Pix não é de Lula, nem de Bolsonaro
Talvez o sistema de pagamentos do Banco Central só tenha vingado porque foi gestado fora do meio político brasileiro, longe de oportunistas
O Pix foi responsável por uma das maiores crises do governo Lula. A perspectiva de que a Receita Federal aumentaria a fiscalização da ferramenta gerou, no início de 2025, o temor na população de que o petista pretendia colocar a mão ainda mais fundo no bolso do contribuinte.
O governo voltou atrás, alegando ter sido vítima de fake news, e só conseguiu reeditar a normativa meses depois, em agosto do ano passado, na esteira da Operação Carbono Oculto.
Agora, Lula tenta usar o Pix como trunfo eleitoral contra o senador Flávio Bolsonaro (PL-RJ), que, ao propagandear proximidade e influência sobre o governo de Donald Trump, se colocou na posição de inimigo da ferramenta do Banco Central que seu pai tentou capitalizar por anos.
Duelo de cartazes
Lula e Flávio protagonizam hoje um duelo de cartazes (foto) no qual se apresentam como defensores do Pix. O senador foi além do petista, ao dizer, além deu que “O Pix é do Brasil”, que a ferramenta também “é de Bolsonaro”, seu pai. Mas a verdade é que o Pix é o Estado brasileiro.
O sistema de pagamentos foi gestado no Banco Central durante o governo Michel Temer, mas sem ter relação com a gestão do sucessor de Dilma Rousseff. Quando foi lançado efetivamente, em 2020, durante o governo Bolsonaro, o então presidente nem sequer sabia do que se tratava.
O episódio ficou famoso porque Bolsonaro foi parabenizado em público por um apoiador pelo lançamento do Pix, em 5 de outubro daquele ano. O então presidente reagiu sem saber do que se tratava e, depois de ouvir do apoiador uma explicação, disse que não tinha tomado conhecimento sobre o assunto e que iria conversar com Roberto Campos Neto, então presidente do BC.

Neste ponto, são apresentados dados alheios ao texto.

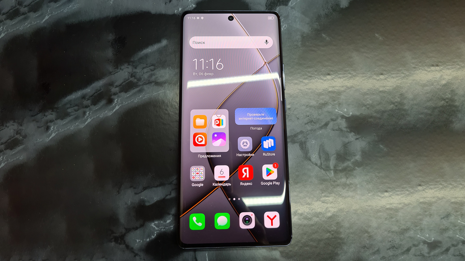 В качестве экрана – 6.8” изогнутый AMOLED-дисплей (для сравнения, в модели Pro стоит IPS) с высокой частотой обновления 120 Гц. Экран очень яркий (максимальные показатели – 1000 нит) и контрастный, взаимодействие плавное и четкое. Датчик отпечатка пальца встроен прямо в дисплей, срабатывает стабильно быстро. Для защиты экрана выбрали Corning Gorilla Glass 5.

Ironicamente, o perfil do ex-presidente no X tinha postado mensagens exaltando o Pix duas vezes antes desse episódio, o que leva a crer que ele não fazia ideia do que estava sendo publicado.
“MAIS AGILIDADE, MENOS CUSTOS AO CIDADÃO: Pagamentos e transferências instantâneas serão realidade no Brasil. O Banco Central lançou o sistema de pagamentos PIX, que, a partir de novembro, vai permitir o envio e o recebimento de quantias de forma rápida, inclusive em smartphones”, dizia uma das mensagens publicadas no perfil de Bolsonaro.
Estado
Diante do sucesso do sistema, contudo, Bolsonaro se abraçou ao Pix, que passou a tratar como política de seu governo. O desconforto causado pela expansão do monitoramento do sistema durante o governo Lula reforçou esse discurso, que se enfraquece agora com as ameaças de tarifas feitas pelo governo Trump, ideologicamente mais próximo dos Bolsonaro, que mencionam o Pix.

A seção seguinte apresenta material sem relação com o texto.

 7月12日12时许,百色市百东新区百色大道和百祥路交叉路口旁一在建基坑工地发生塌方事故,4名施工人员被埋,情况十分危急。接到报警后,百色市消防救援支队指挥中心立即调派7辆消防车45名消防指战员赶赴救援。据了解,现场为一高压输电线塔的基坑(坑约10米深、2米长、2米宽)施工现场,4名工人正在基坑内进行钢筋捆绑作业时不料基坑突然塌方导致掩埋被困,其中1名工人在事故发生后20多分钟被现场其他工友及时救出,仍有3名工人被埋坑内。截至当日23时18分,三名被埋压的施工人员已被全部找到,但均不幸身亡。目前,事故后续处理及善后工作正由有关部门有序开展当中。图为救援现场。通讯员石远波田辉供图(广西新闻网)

O sistema elaborado pelo corpo técnico do BC, uma autarquia que se mantém independente apesar de intensas tentativas de interferência política, não pode ser vulgarizado dessa forma, contudo.
O Pix é uma das únicas iniciativas que deram certo no Brasil nas últimas décadas, e o fato de não ter um pai político só a fortalece. Aliás, talvez ele só tenha vingado porque não foi gestado no meio político brasileiro e se desenvolveu abaixo do radar de oportunistas que a teriam inviabilizado.